About one and a half years down the road, the government is still looking for ways to bring in a semblance of normalcy on the economic and political landscape of the country.

Experts think that the wheat crisis was writing on the wall – in a big font. But the government chose to look the other way while hoarders and profiteers laid out their plans to make money. Will there be a probe into what led to the wheat crisis? Will those who were responsible to prevent it from happening be taken to task? Quite unlikely, if the government’s track record is any guide.

Even the voters are perplexed. Is the government inefficient, unprepared, directionless or all three? While we remain focused on the wheat crisis, another very important issue has been brushed under the carpet – an industrial policy, in fact absence of a comprehensive industrial policy. It would not be an exaggeration to say that a timely and dynamic industrial policy would have set many things right for our ailing economy.

As the basic aim of an industrial policy is to give a plan to increase production, the absence of a policy will certainly affect prospects of economic growth.

As things stand, Adviser to the Prime Minister on Commerce, Textile, Industry and Production and Investment Abdul Razak Dawood has not been able to assuage the concerns of the industrial sector. While he claims that there is economic stabilisation in Pakistan, the country has still not seen economic growth.

There is no disagreeing with him that the challenge for Pakistan should be to change from an import-oriented economy to a country with considerable exports. But this will remain wishful thinking if not backed up by a robust industrial policy that takes into account local factors and concerns of the stakeholders. The sooner the better.

While Dawood has recently said that we must be able to have at least seven percent GDP rate for the next many years, is there a policy and a commitment in place that will make that possible? What prevents the government from announcing the much-needed policy? Do they have one?

According to one definition, “An industrial policy of a country is its official strategic effort to encourage the development and growth of all or part of the economy, often focused on all or part of the manufacturing sector.” Whatever effort our policymakers are making in that direction has still not made an impact on the manufacturing sector.

A Pakistan Business Council working paper brought out in 2018, ‘Contours of New Industrial Policy’, says, “Pakistan needs a fresh industrial policy to promote employment, value-added exports and import substitution. The aim should be to reverse the trend of deindustrialisation.”

According to the PBC, Pakistan is deindustrialising and the role of manufacturing in the economy has declined. Understandably, its rate of growth lags behind India, Bangladesh and Sri Lanka. As a result, Pakistan has lost share of world exports over the last decade and a half, whilst Bangladesh’s share doubled and Vietnam’s grew seven-fold in the same time period.

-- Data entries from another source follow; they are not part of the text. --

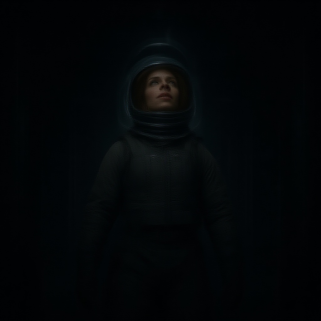 Cinematic 8k wallpaper of Ellen Ripley inspired by the Alien movie, in an astronaut suit with helmet on and visor closed, gazing upwards with an action-oriented pose. She stands amidst the Nostromo's intricate space shuttle interiors, emphasizing the sci-fi theme. The scene is rendered with Ray Tracing, showcasing ultra-detail and highest quality with chiaroscuro elements. The portrayal is ultra-realistic and epic, reminiscent of promotional art, using overcast reflection mapping for a hyperphotorealistic effect. Rim light highlights her stoic expression, enhancing the cinematic feel. The image captures movie quality at an ultra-realistic level, as if shot on a Canon 5D camera, using octane render in 8k resolution.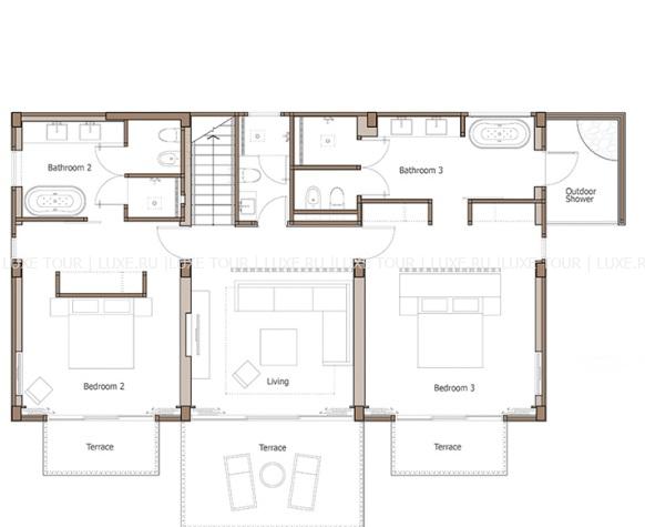 458 м2. Двухэтажная вилла, состоит из трех спален с двумя кроватями king-size и двумя кроватями twin, ванных комнат, гостиных с обеденной зоной, кухни, меблированной террасы, бассейна. Вид на море. Максимальное размещение – 8 человек.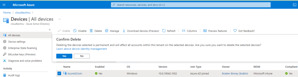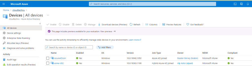 We can also see that we have a machine joined under Devices and also managed by Intune since I configured Azure AD managed machines should be handled by Intune.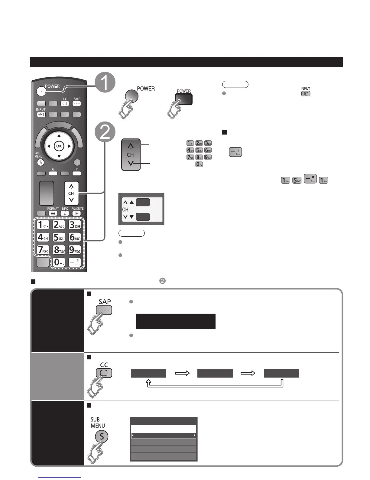 • Each press of SAP will change the Audio mode. (Stereo/SAP/Mono)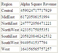 SELECT T11."REGION", SUM(T1."Revenue"), ((CHAR(BIGINT( SUM(T1."Revenue") * SUM(T1."Revenue")) ) )) FROM wrd_fact_sales T1, wrd_dim_customer T5, wrd_dim_geography T11 WHERE (T5."ID_CUSTOMER" = T1."ID_CUSTOMER") AND (T11."ID_GEOGRAPHY" = T5."ID_GEOGRAPHY") GROUP BY T11."REGION " ORDER BY T11."REGION " FOR FETCH ONLY; END
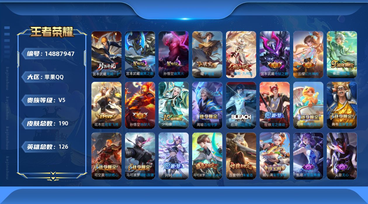 - [12667149]安卓Q-V4-最强王者段位-125英雄-133皮肤-0典藏-0珍品无双-0无双-0珍品传说-5传说-41史诗 【传说皮肤】:桑启鸣野蒿,李信山海炽霜斩,马超无双飞将,镜炽阳神光,干将莫邪久胜战神 【限定皮肤】:狄仁杰阴阳师,赵云皇家上将,钟无艳超时空战士,元歌无心,甄姬落雪兰心,马可波罗山海玄木吟,狄仁杰魔术师,达摩沙漠行僧,项羽海滩派对,兰陵王金庭之子,李元芳云中旅人,干将莫邪胡桃夹子,雅典娜黎明之约,鬼谷子五谷丰年,百里玄策原初追逐者,梦奇顽趣,沈梦溪大漠名商,裴擒虎擒涛扼浪,云中君纤云弄巧,李信山海炽霜斩,鲁班大师探海日志,桑启海盐诗旅,阿古朵江河有灵,张良古海寻踪,蒙恬荣光圣徽,高渐离燃音魔法,妲己灵卜魔法,鬼谷子天穹祈灯,百里玄策超元猎域,刘邦剑破天穹,程咬金群星魔术团,刘备异域游侠 【年限皮肤】:马可波罗山海玄木吟,李信山海炽霜斩 【赛季限定】:达摩沙漠行僧,兰陵王金庭之子,张良古海寻踪,李元芳云中旅人,雅典娜黎明之约,百里玄策原初追逐者,梦奇顽趣,沈梦溪大漠名商,裴擒虎擒涛扼浪,鲁班大师探海日志,桑启海盐诗旅,鬼谷子天穹祈灯,蒙恬荣光圣徽,刘邦剑破天穹 【战令限定】:钟无艳超时空战士,甄姬落雪兰心,高渐离燃音魔法,妲己灵卜魔法 【史诗皮肤】:赵云皇家上将,貂蝉圣诞恋歌,王昭君偶像歌手,狄仁杰魔术师,宫本武藏鬼剑武藏,孙尚香水果甜心,妲己魅力维加斯,妲己女仆咖啡,墨子金属风暴,李白千年之狐,吕布末日机甲,张飞乱世虎臣,花木兰水晶猎龙者,夏侯惇乘风破浪,小乔缤纷独角兽,百里守约特工魅影,李元芳逐浪之夏,程咬金功夫厨神,白起星夜王子,孙策猫狗日记,狄仁杰鹰眼统帅,不知火舞魅语,百里玄策原初追逐者,云中君纤云弄巧,杨戬天秀启明,雅典娜黎明之约,钟无艳超时空战士,鬼谷子五谷丰年,元歌无心,梦奇顽趣,马可波罗山海玄木吟,阿古朵江河有灵,妲己灵卜魔法,高渐离燃音魔法,蒙恬荣光圣徽,百里玄策超元猎域,亚连破空之剑,牛魔星界战将,刘禅鸭鸭历险记,后羿石田雨龙,黄忠百相守梦,西施织梦人 【其他皮肤】:项羽海滩派对,韩信街头霸王,赵云忍炎影,白起白色死神,宫本武藏未来纪元,孙膑天使之翼,典韦黄金武士,亚瑟死亡骑士,达摩拳王,花木兰兔女郎,张飞五福同心,甄姬花好人间,刘备万事如意,狄仁杰阴阳师,刘备纽约教父,刘备汉昭烈帝,关羽龙腾万里,孙尚香沉稳之力,鬼谷子幻乐之宴,苏烈坚

The statistics on the manufacturing sector are eye-opening. The PBC has pointed out that Pakistan’s manufacturing decreased from 17.5 percent of the GP in 2005 to 12.1 percent of the GP in 2018. The tariff policy is one of the bottlenecks. A policy that does not differentiate between raw materials, intermediate goods and finished products has resulted in rapid growth of imports, often failing to leave a positive impact that trade agreements could bring due to cheaper raw materials. On top of it, high input costs make us uncompetitive. No wonder then that Pakistan is not integrated well into global value chains.

All this at a time when, according to experts, the country needs to generate 2-3 million jobs for the youth who reach the age of employment every year and for the 5-6 million currently unemployed.

In simple terms, if manufacturing is increased and diversified, Pakistan’s share of world export grows, and if structural reforms are undertaken, our industrial sector can begin to make the difference in our dwindling economy.

But first things first: wheat is the basic ingredient in our diet. The wheat crisis has already spilled over to other commodities. Hoarders seem to be pulling up their socks. Is anybody listening? The promises have been long forgotten.

The writer is assistant editor, The News on Sunday.